ERSA comments on the Mortgage Market Review

Late last month we saw the Financial Services Authority (FSA) announce its final details regarding the Mortgage Market Review (MMR). This includes the new rules it claims will put 'common sense' at the heart of the mortgage market, of which three are particularly relevant to the Equity Release Industry.  

First, lenders are no longer required to impose the state pension age onto borrowers. A lender can now base its assessment on the customer's actual expected retirement age, taking a common sense view, and with state pension age used as a default only if the actual retirement age is not known. With an increasing number of people opting to work beyond the age of retirement, this change ensures they retain the same opportunities as younger borrowers.

Second under the new rules "there is no reason why older customers cannot obtain a mortgage", and no age limits to prevent lending to older consumers. Similarly, this will aid the eradication of age discrimination against borrowers. Together these rulings may mean we end up with more borrowers carrying more mortgage debt into retirement, which could result in more people looking to equity release once they eventually stop working.

Third, all equity release customers must go through an advised-sale process even if they then choose to go down the execution-only route. Although, the MMR also noted: "Due to the high standards imposed by the trade body we do not expect many equity release sales to be execution-only".

As part of its high standards, the Equity Release Council's Code of Conduct insists all lenders give customers the right to an independent solicitor of their own choice to conduct their legal work. Before choosing an equity release plan it is vital people take independent legal advice from a solicitor who fully understands the market, as they will only sign a certificate to say their client fully understands the risks and benefits of the plan once they are fully satisfied this is the case.

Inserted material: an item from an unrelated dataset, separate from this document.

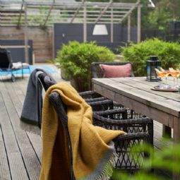 Det elegante og tidløse mønster kombineret med den smukke gule farve skaber et roligt og harmonisk udtryk, der passer perfekt ind i moderne skandinavisk indretning. Plaiden fungerer både som et praktisk tæppe og et dekorativt element, der tilfører varme og hygge til hjemmet.
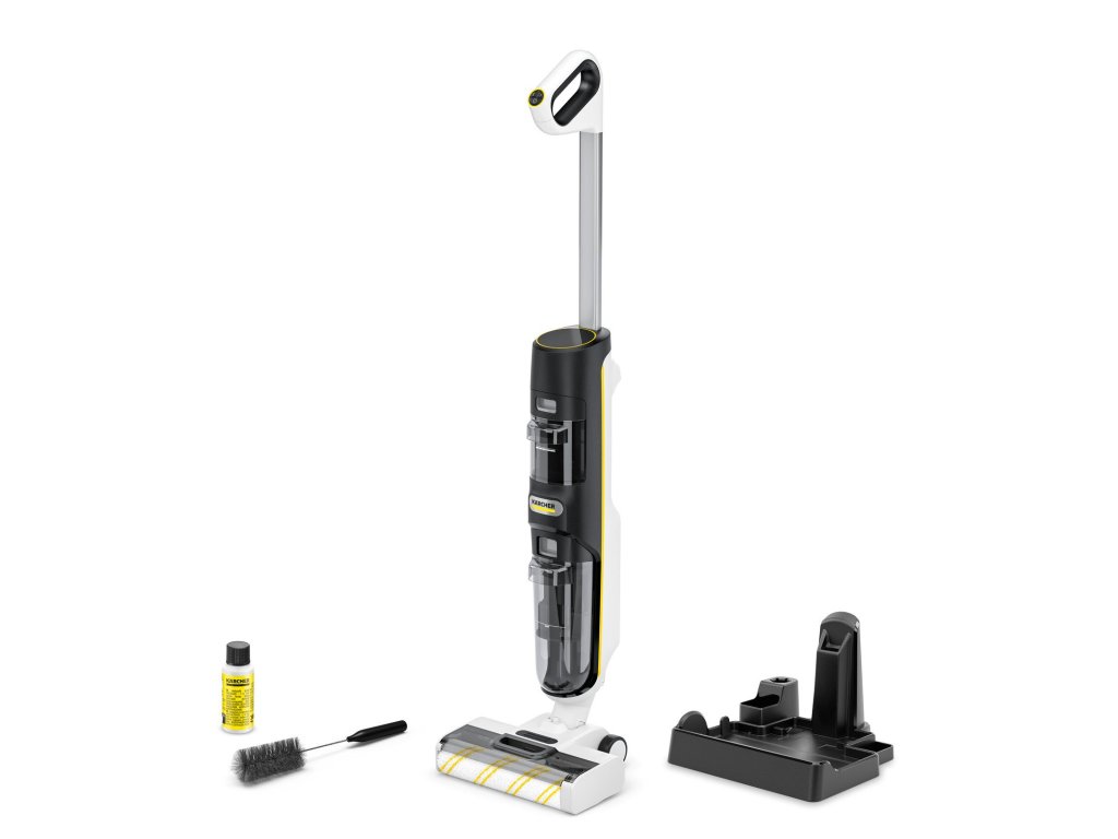 Aku tyčový vysavač s mopem Kärcher FCV 4 3v1 vysává, vytírá a suší podlahy. Až 45 min provozu, 4 režimy, Hygienic!Spin a účinnost proti bakteriím 99 %.

As such ERSA fully supports Andrea Rozario, the Director General of The Equity Release Council, who issued a statement saying that with regard to changes for the equity release market the MMR announcement is excellent news, adding the Council is delighted the FSA has listened to the industry and has enhanced the clear provider guidelines. 

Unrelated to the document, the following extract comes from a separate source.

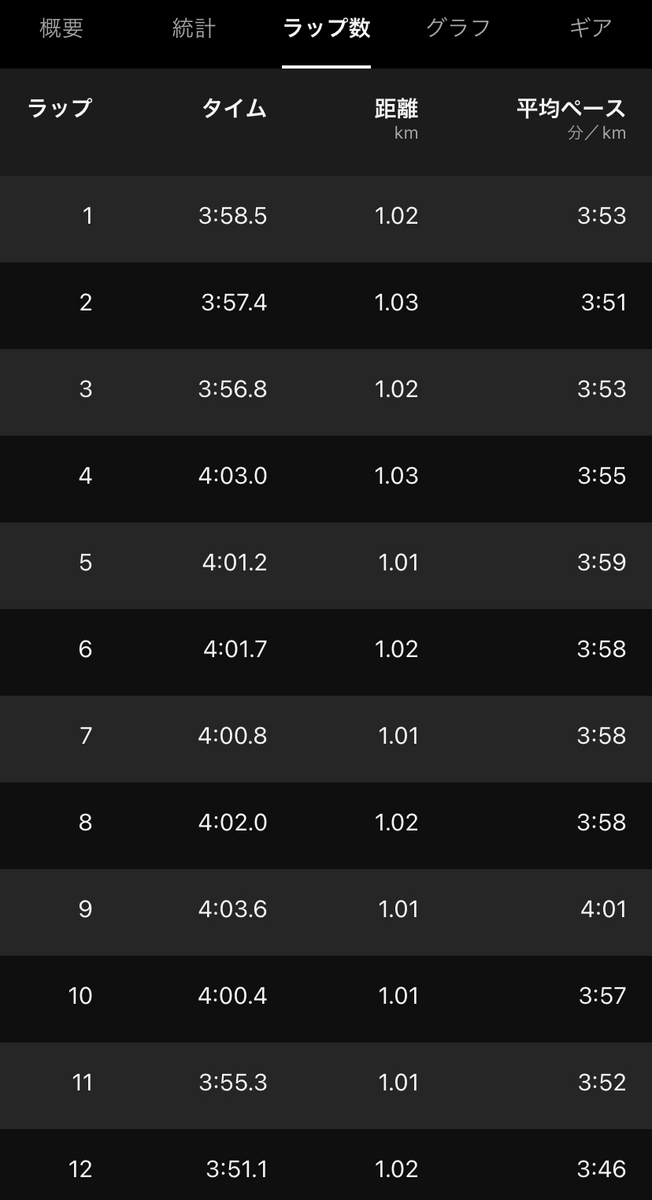 やっぱり今の身体で4:00/kmのペースは少しキツかったですが、無事にメニューやり切れて安心してます!
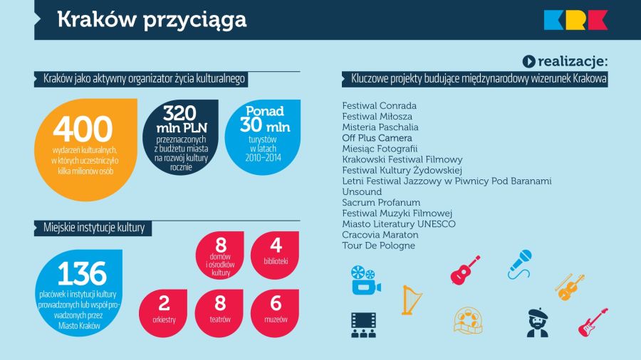 Przed nami – dzięki otwarciu Kraków Areny – wiele wspaniałych wydarzeń kulturalnych. Warto pamiętać jednak o tym, co już teraz osiągnięto. Parada Smoków organizowana przez Teatr Groteska znalazła się w zestawieniu 50 najważniejszych wydarzeń kulturalnych na świecie. Rekordy popularności biją „Krakowskie noce”. Każdego roku korzysta z tej formy zwiedzania i uczestniczenia w wydarzeniach kulturalnych 200 tysięcy osób. Trudno nie wspomnieć tutaj festiwali budujących międzynarodowy wizerunek Krakowa – Festiwal Conrada, Festiwal Miłosza, Misteria Paschalia, czy Sacrum Profanum, który uzyskał status jednego z najciekawszych wydarzeń muzycznych Europy.

With a rapidly aging population, the equity release market is likely to continue to grow in the future and the MMR will help ensure this process is in the best interests of all those who take out products. Although many of the rules set out by the MMR were already in practice in the industry prior to the announcement, the official seal of approval will hardwire these into the system and help publicise how the system ensures it is the right decision for borrowers. Overall, we believe MMR marks a very definite step in the right direction.